Host: Hello and welcome to On the Line.  North Korea 
is reportedly preparing to test launch a long-
range missile, the Taepodong Two, which could 
reach parts of the U.S. A year ago, North 
Korea alarmed its neighbors and the United 
States by launching a three-stage missile over 
Japan and into the Pacific.  In June of this 
year, North Korea engaged in a series of naval 
clashes with South Korea.  And earlier this 
month, talks between North and South Korea on 
ending their formal state of hostilities ended 
unsuccessfully.  North Korea's behavior has 
led to calls for the U.S. and its allies to 
reappraise their approach to this isolated, 
Communist regime.  Some say that a continued 
policy of engagement will only encourage 
further aggressive behavior from North Korea.  
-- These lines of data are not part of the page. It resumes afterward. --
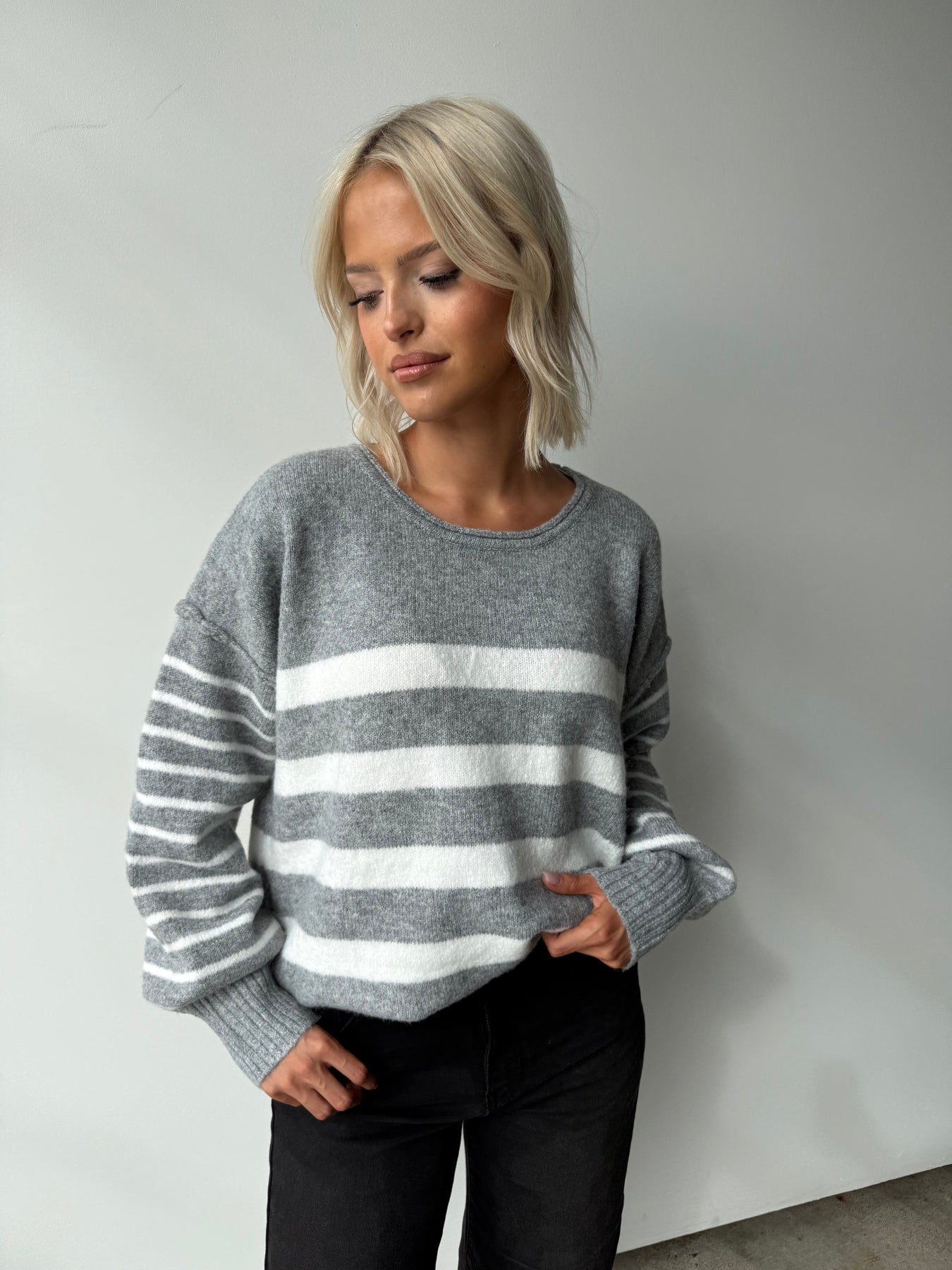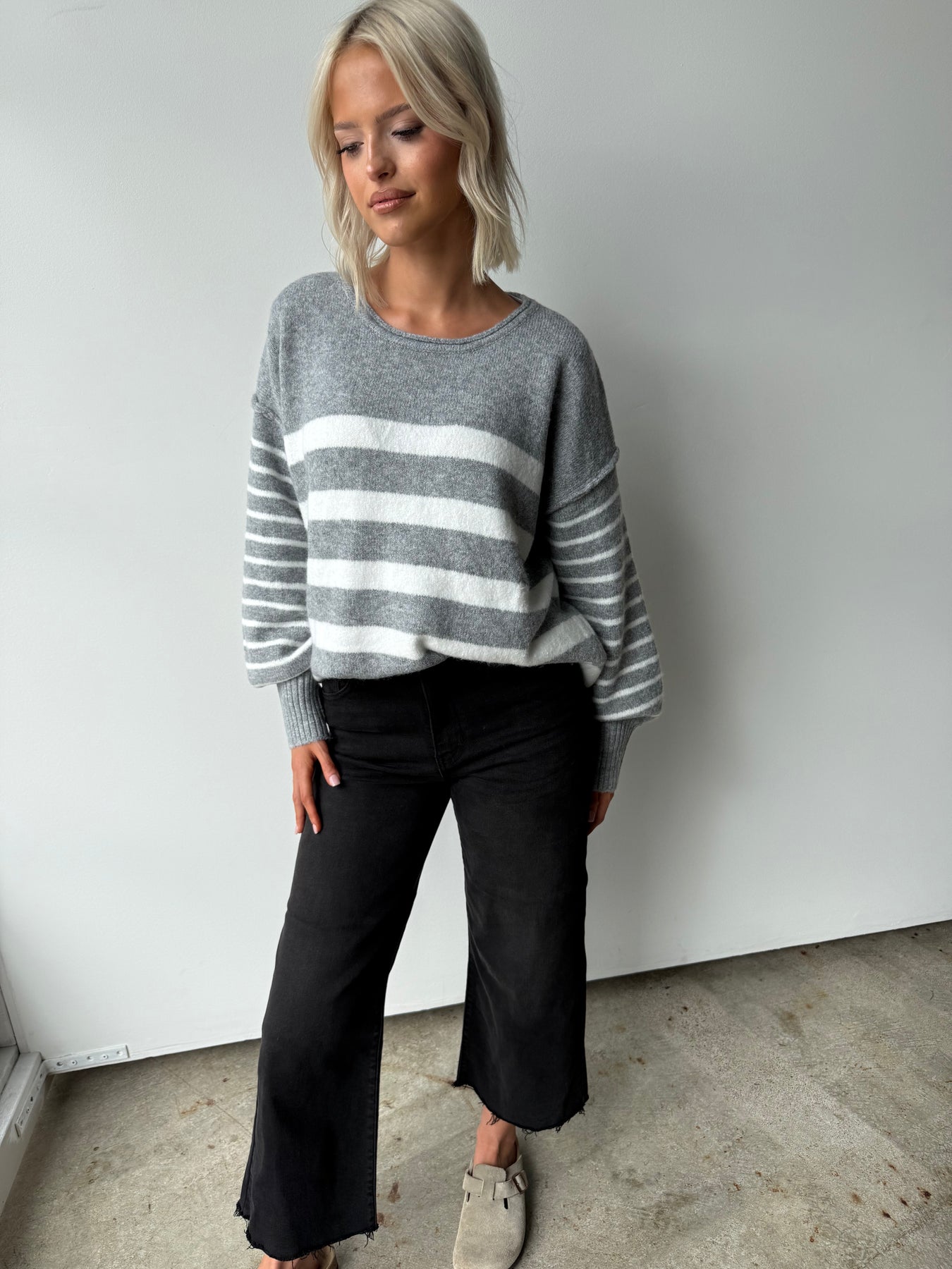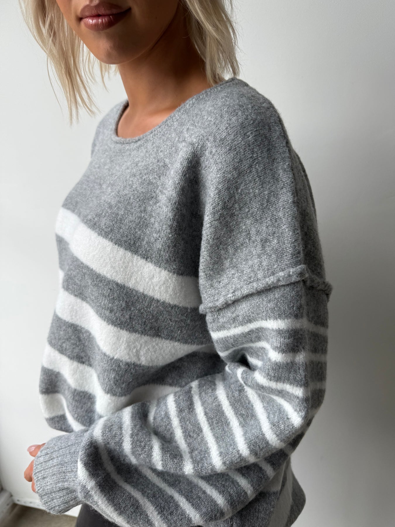 The definition of effortless comfort. The Madison Stripe Sweater features soft, brushed knit fabric with wide grey and ivory stripes and a relaxed, slightly boxy fit. Dropped shoulders and subtle seam detailing add a modern touch to this timeless favorite. Pair it with denim or layer it over a slip skirt for that laid-back, polished feel.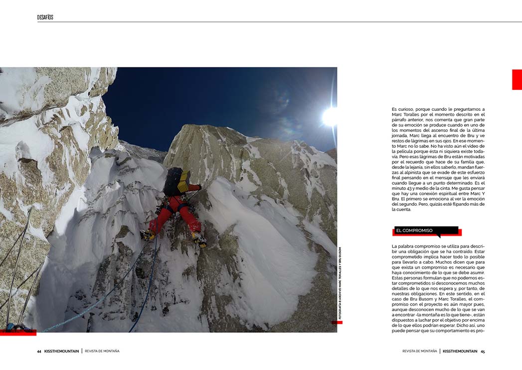 El pasado 10 de abril se estrenó la película de esta actividad de gran repercusión internacional como demuestra el hecho de que, en el momento de escribir estas líneas, en sólo dos semanas, haya superado las 46.000 visualizaciones. Una de ellas, o alguna más, la ha realizado parte del equipo de Kissthemountain. Y en base a nuestras impresiones y a las conversaciones mantenidas con los dos alpinistas hemos querido publicar este artículo que se aleja de consideraciones técnicas -ya publicadas en otros medios- para centrarse en aspectos más humanos y que giran alrededor de la relación entre Marc Toralles y Bru Busom.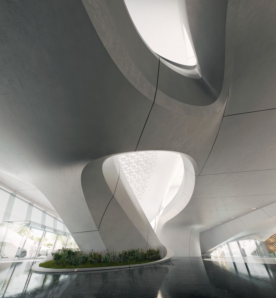 建筑的南侧借幕墙的镜面反光消隐于自然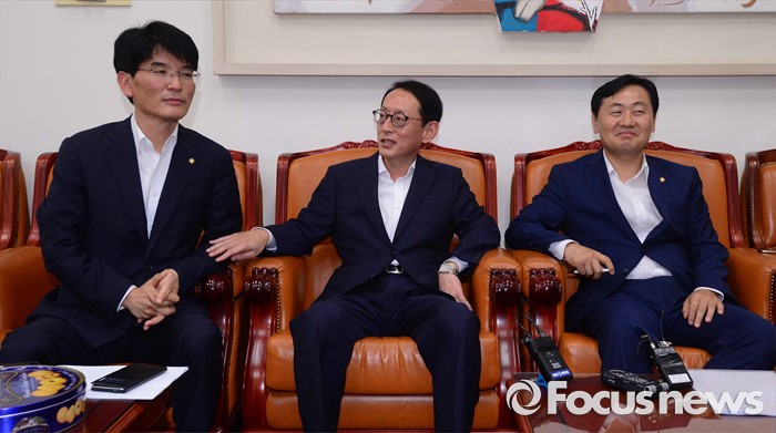(서울=포커스뉴스) 1일 서울 여의도 국회에서 여야3당 원내수석부대표가 8월 임시국회 세월호 특별법 연장과 추경 등 현안 관련 공조 협의를 위한 회동에서 대화를 나누고 있다. 왼쪽부터 더불어민주당 박완주, 새누리당 김도읍, 국민의당 김관영.

Others claim that such engagement is the best 
way to prevent war.
Joining me today to discuss the threat from 
North Korea are three experts.  Robert Manning 
is a senior fellow at the Council on Foreign 
Relations.  Douglas Paal is president of the 
Asia-Pacific Policy Center. And Baker Spring 
is a senior defense policy analyst at the 
Heritage Foundation.
Robert Manning, what is the threat from North 
Korea today?
Manning: Since 1994 when we signed the nuclear 
agreement with them, they have developed their 
third generation of new missiles. And the 
danger here is that they can hit not only 
Alaska and Hawaii, but they can hit U.S. bases 
in Okinawa, Guam and elsewhere.  The question 
really is: why are they doing this.  And there 
are only two plausible explanations.  The 
charitable explanation is that they see it as 
deterrence against the single superpower and 
South Korea that threaten them. The less 
charitable interpretation would be they have a 
game plan involving nuclear blackmail because 
there is only one thing that makes sense to 
put at the end of that relatively inaccurate 
missile and that is a nuclear warhead. 
Host: Doug Paal, what do you think of the U.S. 
reaction to this?
Paal: I think we have overreacted steadily since 
1994 in our policy toward North Korea. And we 
have inculcated in them a practice of threat 
for accommodation, or what we used to call 
appeasement.  The notion is that we can get 
some kind of limited accommodation of our 
concerns, which are concerns they have 
created, in exchange for food and other kinds 
of assistance.  
Host: Do you agree with that, Baker Spring?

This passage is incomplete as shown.